--- ENTRIES SUPPLIED Enclosed Below ---

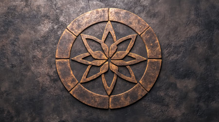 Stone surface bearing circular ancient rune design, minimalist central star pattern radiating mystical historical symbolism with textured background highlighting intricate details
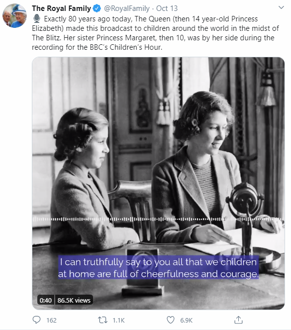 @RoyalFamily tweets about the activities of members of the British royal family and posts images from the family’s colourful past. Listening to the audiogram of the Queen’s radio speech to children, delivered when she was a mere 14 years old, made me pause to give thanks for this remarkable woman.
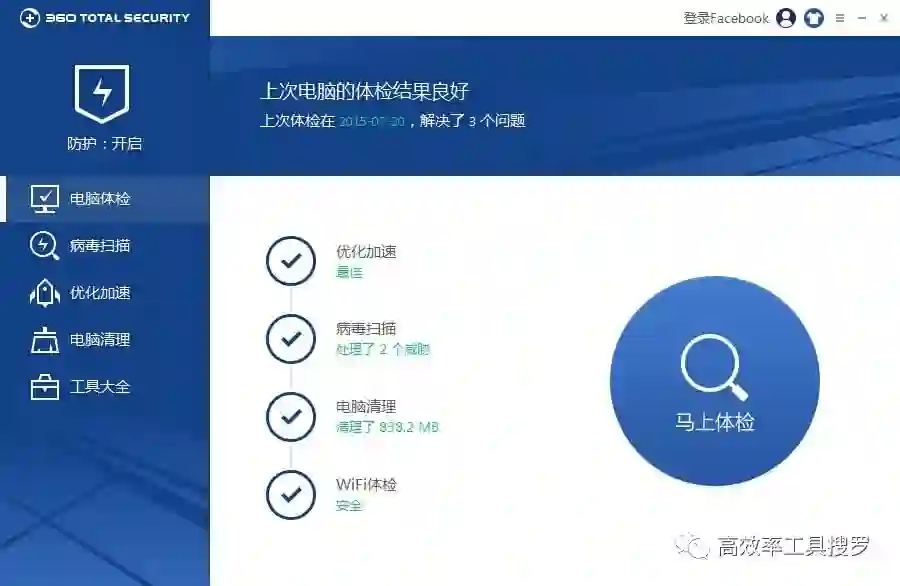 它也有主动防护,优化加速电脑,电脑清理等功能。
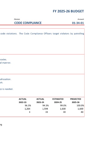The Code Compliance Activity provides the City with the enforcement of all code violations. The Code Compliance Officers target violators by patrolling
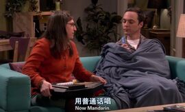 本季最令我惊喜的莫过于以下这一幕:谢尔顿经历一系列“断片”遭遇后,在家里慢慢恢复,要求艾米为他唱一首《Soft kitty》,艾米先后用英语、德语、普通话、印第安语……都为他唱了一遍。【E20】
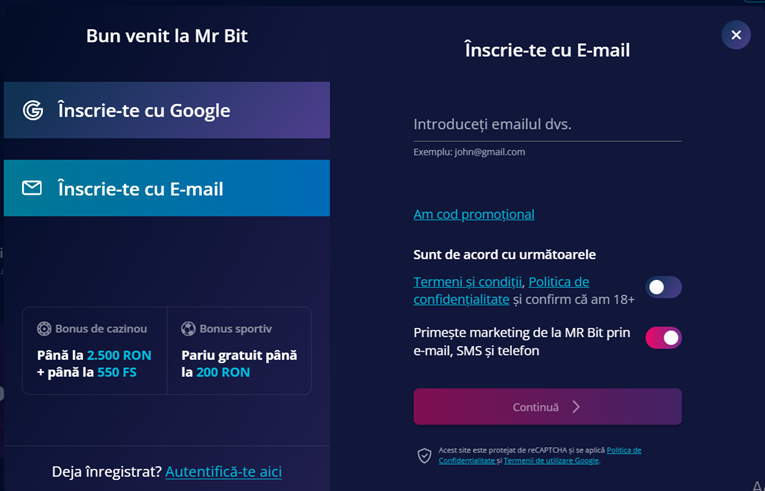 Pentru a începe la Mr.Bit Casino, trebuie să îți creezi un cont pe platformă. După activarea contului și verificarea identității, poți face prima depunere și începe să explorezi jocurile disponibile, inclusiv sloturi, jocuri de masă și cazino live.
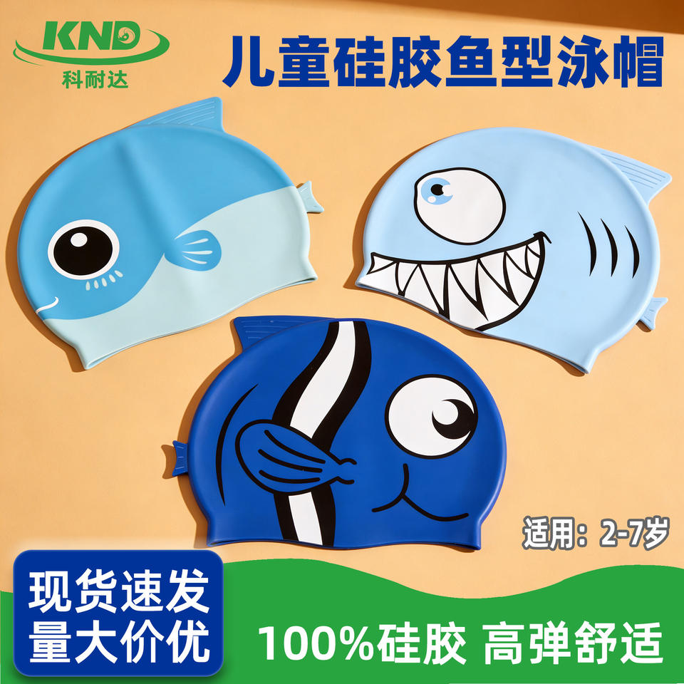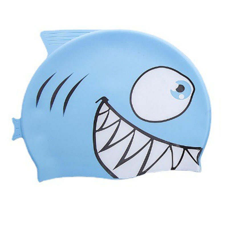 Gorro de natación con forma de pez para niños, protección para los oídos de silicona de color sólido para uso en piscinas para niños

--- End of Enclosed ENTRIES SUPPLIED ---

## WHAT TO DO
Please leave out the pictures while you copy exactly the lines from the one containing "this remarkable woman." through the end of the records.

## EXERCISE RESULT
 @RoyalFamily tweets about the activities of members of the British royal family and posts images from the family’s colourful past. Listening to the audiogram of the Queen’s radio speech to children, delivered when she was a mere 14 years old, made me pause to give thanks for this remarkable woman.
 它也有主动防护,优化加速电脑,电脑清理等功能。
The Code Compliance Activity provides the City with the enforcement of all code violations. The Code Compliance Officers target violators by patrolling
 本季最令我惊喜的莫过于以下这一幕:谢尔顿经历一系列“断片”遭遇后,在家里慢慢恢复,要求艾米为他唱一首《Soft kitty》,艾米先后用英语、德语、普通话、印第安语……都为他唱了一遍。【E20】
 Pentru a începe la Mr.Bit Casino, trebuie să îți creezi un cont pe platformă. După activarea contului și verificarea identității, poți face prima depunere și începe să explorezi jocurile disponibile, inclusiv sloturi, jocuri de masă și cazino live.
 Gorro de natación con forma de pez para niños, protección para los oídos de silicona de color sólido para uso en piscinas para niños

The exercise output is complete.